┌──

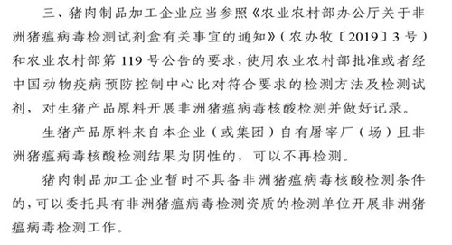 此次新規(guī)的發(fā)布,意味著此爭議話題有了官方結(jié)論:“豬肉制品加工企業(yè)也需對(duì)生豬原料進(jìn)行非洲豬瘟病毒檢測。”
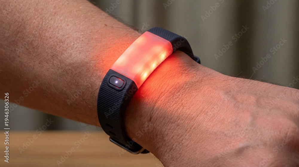 Close-up of an arm wearing a red light therapy wristband. The device emits a glowing red light for therapeutic purposes. Image made using Generative AI. #1946306326
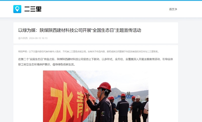 今日頭條、二三里 | 以綠為媒:陜煤陜西建材科技公司開(kāi)展“全國生態(tài)日”主題宣傳活動(dòng)
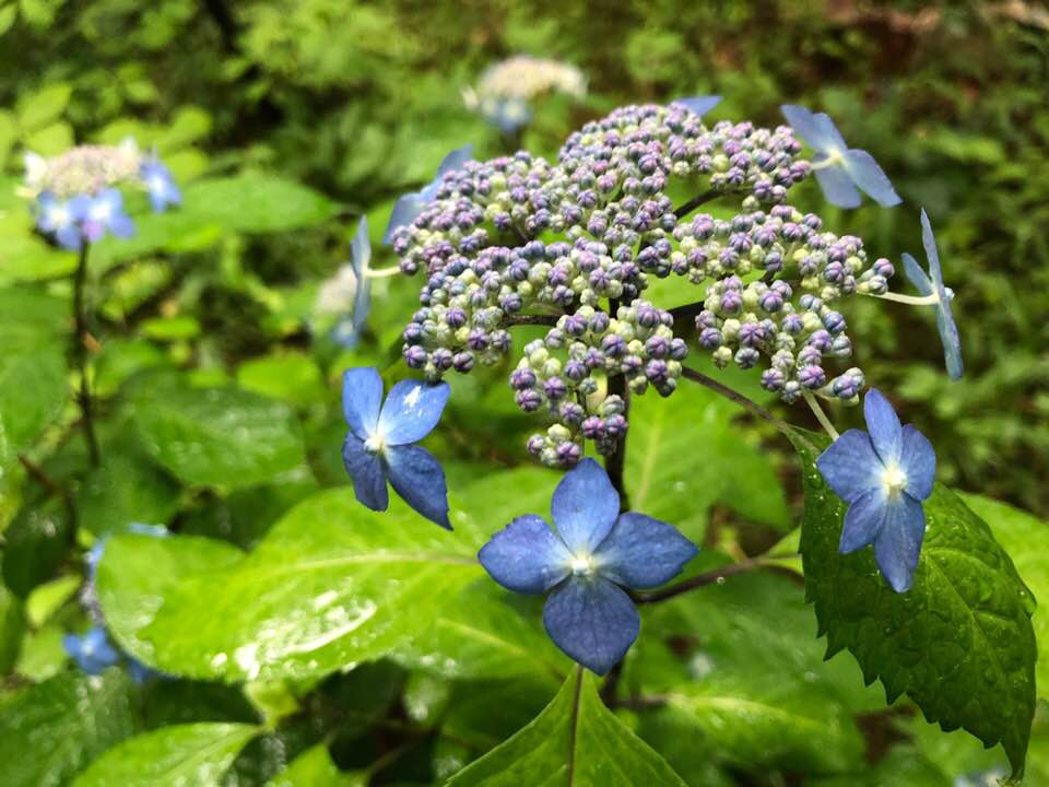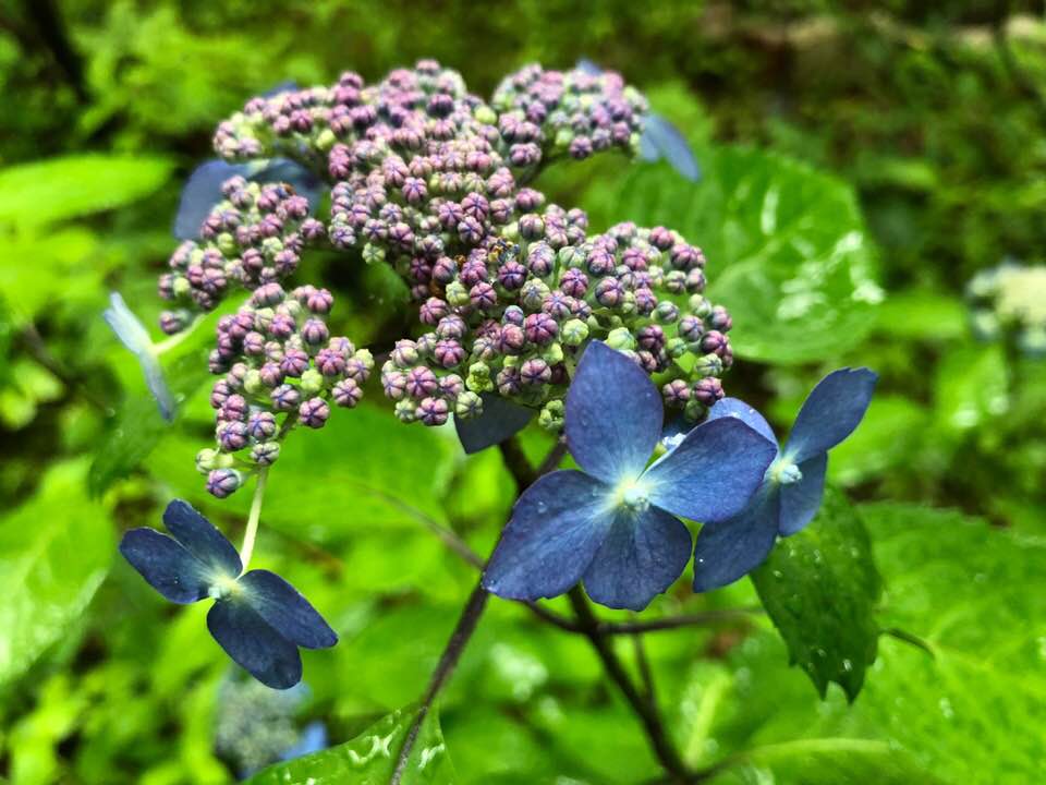 アジサイがもう咲いてた。雨とアジサイはよく合うね。
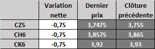 Évolution du prix calculé en fonction du rapport 201 du CME : baisse prévue de
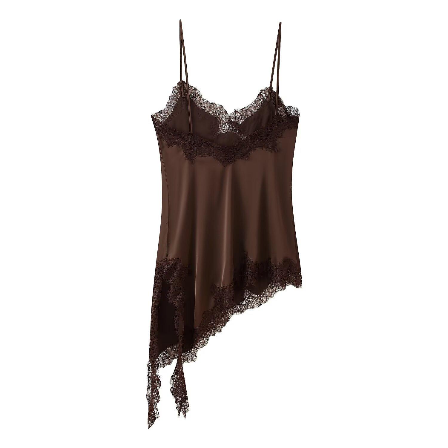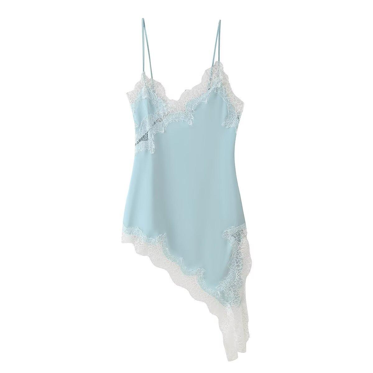 Ropa Europea y Americana Transfronteriza Aliexpress Popular Sexy Encaje Asimétrico Vestido de Tirantes

└──

## What this task involves
Write out exactly the stretch of lines that begins with the line containing "アジサイがもう咲いてた。雨とアジサイはよく合うね。" and ends with the last line of the records above, leaving out the pictures.

## Task output
 アジサイがもう咲いてた。雨とアジサイはよく合うね。
 Évolution du prix calculé en fonction du rapport 201 du CME : baisse prévue de
 Ropa Europea y Americana Transfronteriza Aliexpress Popular Sexy Encaje Asimétrico Vestido de Tirantes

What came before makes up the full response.